--- Collected material Enclosed Below ---

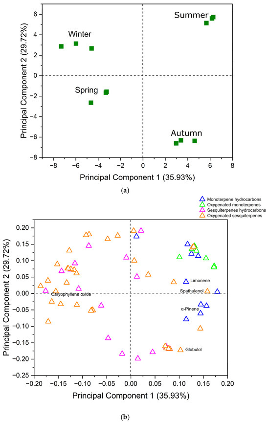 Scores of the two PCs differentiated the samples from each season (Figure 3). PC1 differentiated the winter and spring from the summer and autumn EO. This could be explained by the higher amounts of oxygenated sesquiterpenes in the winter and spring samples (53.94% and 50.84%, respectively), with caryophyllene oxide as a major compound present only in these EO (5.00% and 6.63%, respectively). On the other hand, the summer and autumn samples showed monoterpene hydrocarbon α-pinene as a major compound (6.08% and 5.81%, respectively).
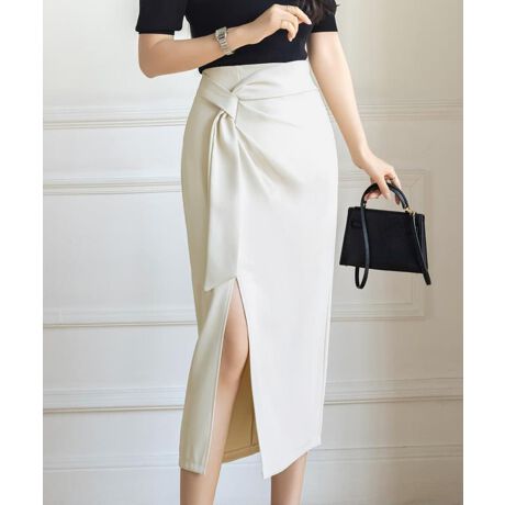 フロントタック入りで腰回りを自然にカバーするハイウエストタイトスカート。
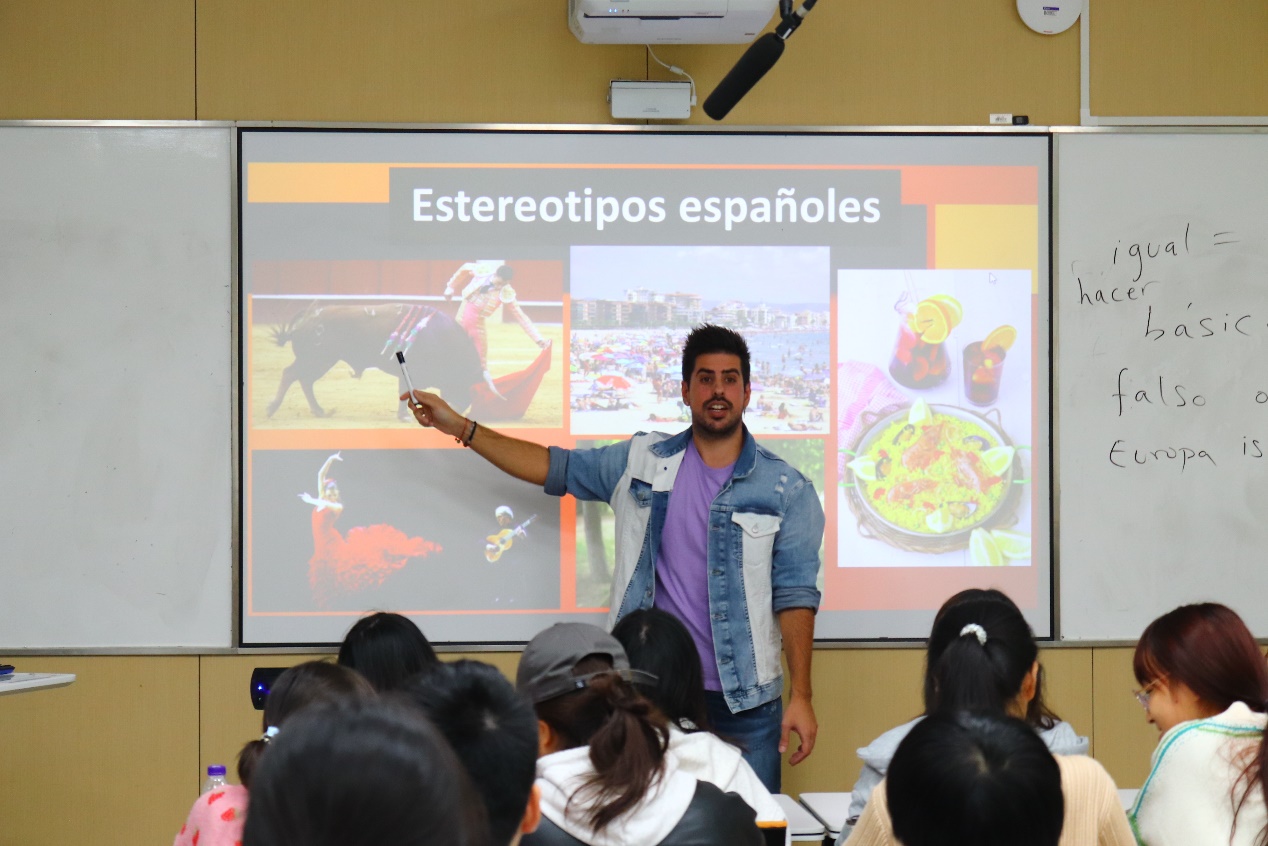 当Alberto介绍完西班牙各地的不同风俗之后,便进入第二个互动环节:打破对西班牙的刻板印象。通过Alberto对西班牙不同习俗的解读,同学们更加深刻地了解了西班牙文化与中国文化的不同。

--- End of Enclosed Collected material ---

### Task prompt:
Please give again, word for word, the lines from the one containing "フロントタック入りで腰回りを自然にカバーするハイウエストタイトスカート。" through the last line of the listing above, inclusive, and leave out pictures.

### Answer to this task:
 フロントタック入りで腰回りを自然にカバーするハイウエストタイトスカート。
 当Alberto介绍完西班牙各地的不同风俗之后,便进入第二个互动环节:打破对西班牙的刻板印象。通过Alberto对西班牙不同习俗的解读,同学们更加深刻地了解了西班牙文化与中国文化的不同。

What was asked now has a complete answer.